The US is there to improve stability and, if Iran tries to have influence in its neighbouring countries, that’s destabilizing.

Now that’s very standard terminology in foreign policy literature and discussion. I mean, it reaches to the point that the former editor of Foreign Affairs, the main establishment journal, was able to say with a straight face and with no reaction from anyone that the United States had to destabilize Chile under Allende; had to destabilize the government of Chile, and overthrow it, and establish a dictatorship in order to bring about stability. It sounds like a contradiction, but it isn’t when you understand that ‘stability’ has a meaning. It means US control. So we had to destabilize the country that was out of US control in order to bring about stability, and it’s the same problem with regard to Iran. It doesn’t follow orders and, therefore, it is destabilizing the regional situation.

There is another problem with Iran: namely, it supports terrorism. So, for example, you may believe today that you’re celebrating National Liberation Day but in terms of Western doctrine what you’re celebrating is the success of terrorism and, in fact, the success of aggression against Israel in southern Lebanon... Iranian aggression... So you’re celebrating Iranian aggression against Israel in southern Lebanon and its success, and celebrating terrorists and terrorism (quoting Israeli Labor Party high official Ephraim Sneh). It’s not Liberation Day.

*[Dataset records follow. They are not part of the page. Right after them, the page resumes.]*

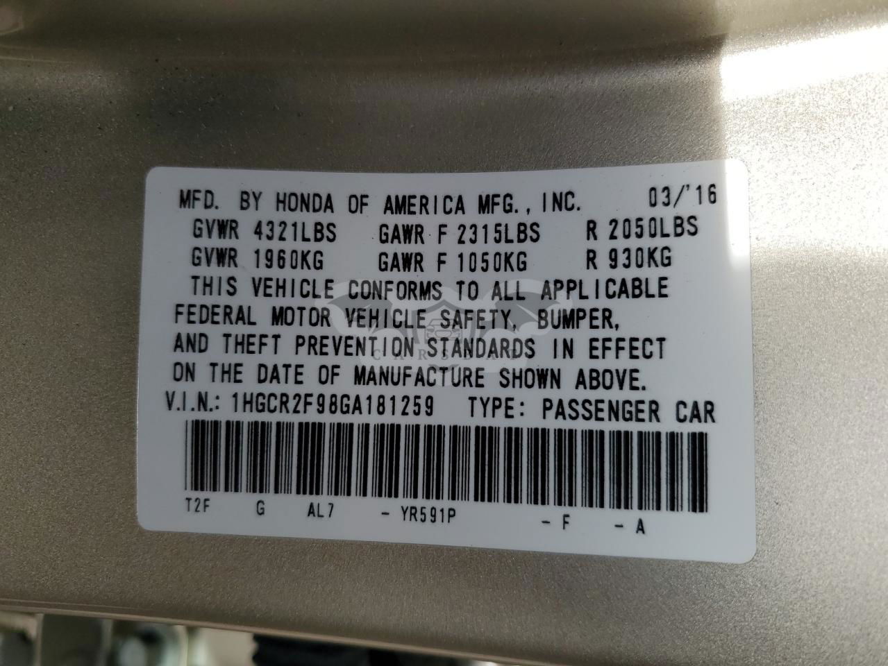 • VIN: 1HGCR2F98GA181259
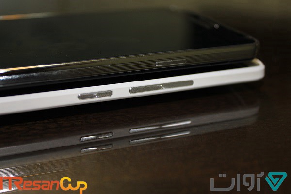 نوبت به نوت3 میرسد تا در این بخش خودنمایی کند. در جلوی این فبلت همچون دیگر اعضای پرتعداد خانواده گلکسی سه دکمه به چشم میخورند که یکی سختافزاری و دوتای دیگر لمسی هستند. در بالا هم سنسورها و دوربین دوم قرار دارند. در سمت راست دکمه پاور، در سمت چپ دکمه تنظیم صدا، در بالا جک هدفون و خروجی مادون قرمز و در پایین هم خروجی USB 3.0 قرار دارند. در پشت دستگاه که به نوعی متمایزترین بخش این فبلت در مقایسه با دیگر گلکسیها محسوب میشود، طرحی زیبا از چرم دیده میشود که البته جنس آن پلاستیک است! دوربین و فلش آن هم در بخش بالایی قرار دارند و نوت3 نیز همچون رقیب، در این بخش ما را شگفتزده میکند و قلم S-Pen خود را که در پایین بخش پشتی جای گرفته به ما نشان میدهد. شما میتوانید با دیدن تصاویری که در آزمایشگاه آیتیرسان ثبت شدهاند تیم مورد علاقه خود در این بخش را انتخاب کنید.
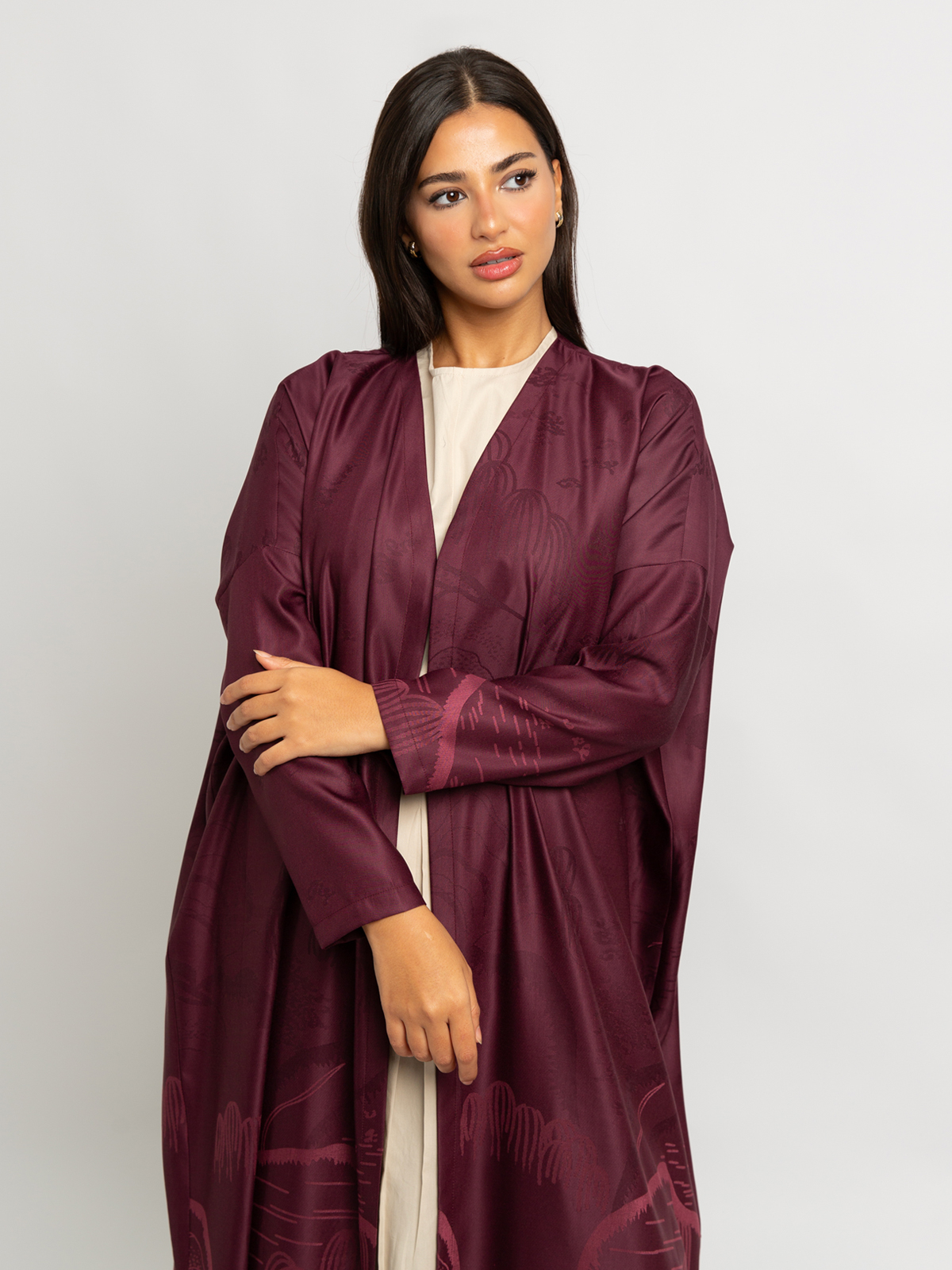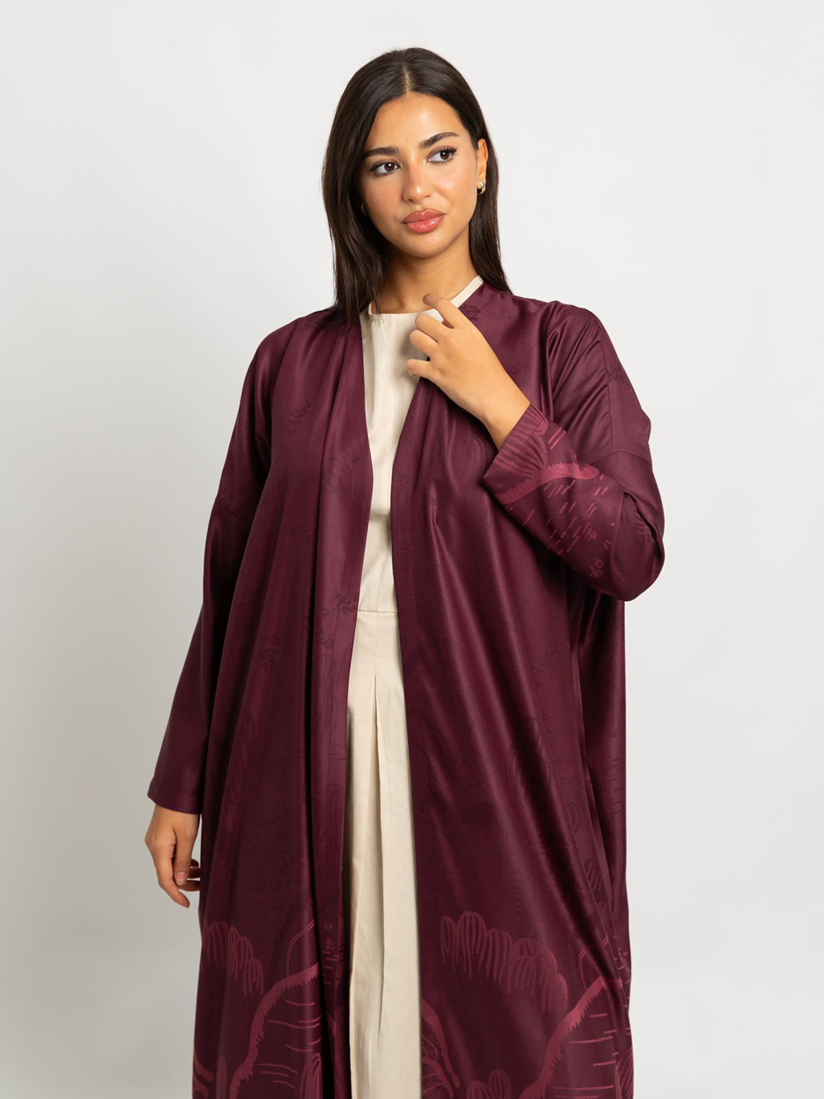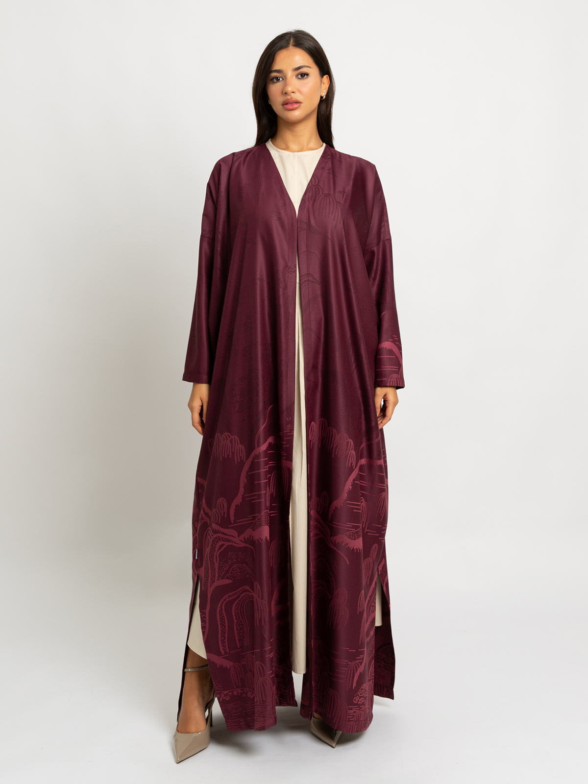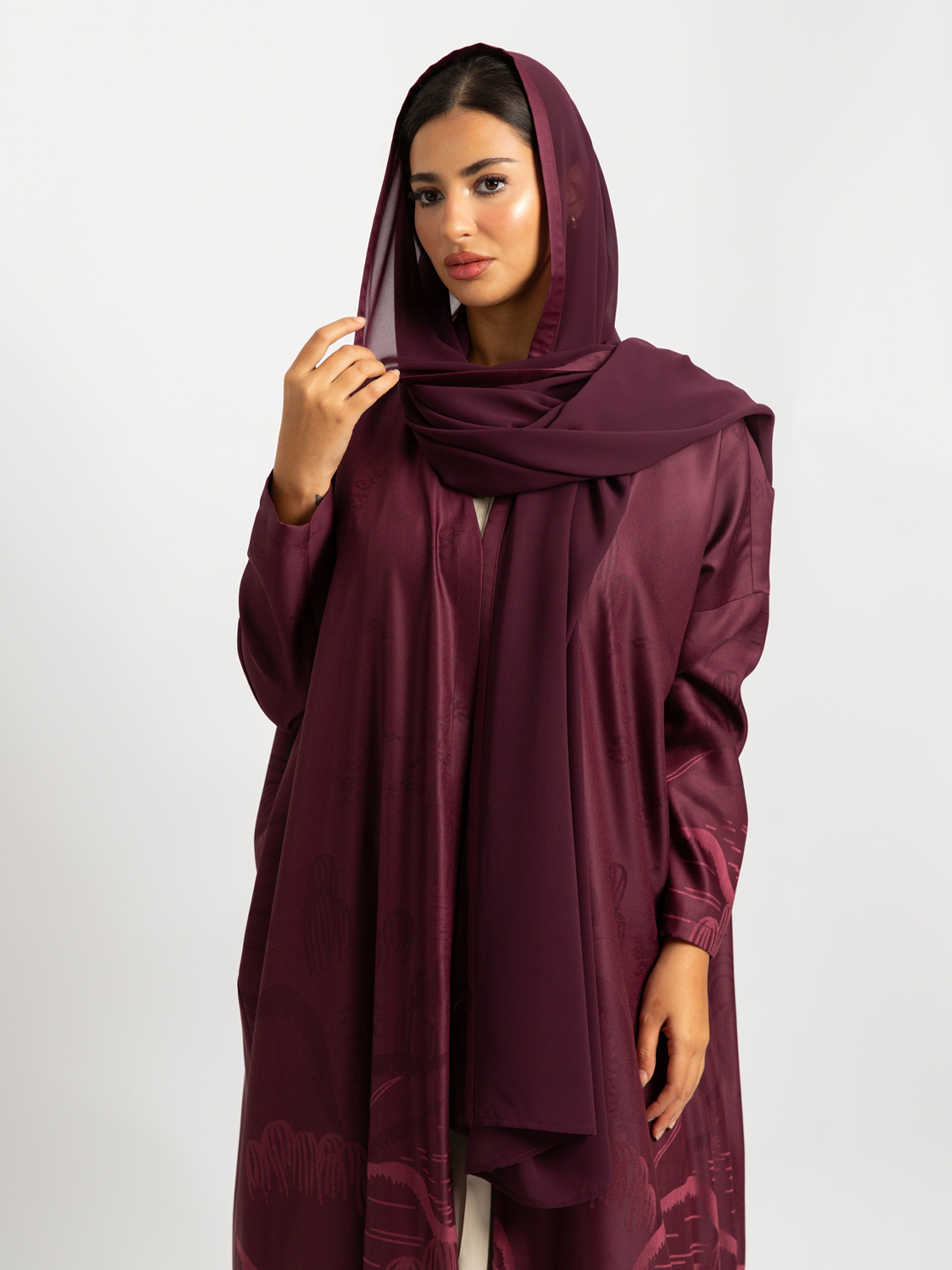 Maroon Earth Peaks Wide-fit Tight Sleeves Abaya

You have to understand how to interpret these matters properly if you want to enter into the framework of imperial discourse. This is not just the US and Israel. It’s Western Europe as well. There are a few exceptions.

So that’s the threat of Iran.

The description is not incorrect. Iran does not follow orders. It’s trying to maintain its sovereignty. This is all quite independent of what anyone thinks about its government. You may have the worst government in the world, but that’s not the issue here. The US doesn’t care one way or the other what the government is like. It wants it to follow orders to improve stability. That’s the Iranian threat.

Honest broker?

What about Israel and Palestine? Well, there is an official version of that conflict, too. You see it every day in the newspapers. The United States is an honest broker and neutral arbiter trying to bring together two sides which are irrational and violent. They won’t agree, and the United States is trying to settle the conflict between them.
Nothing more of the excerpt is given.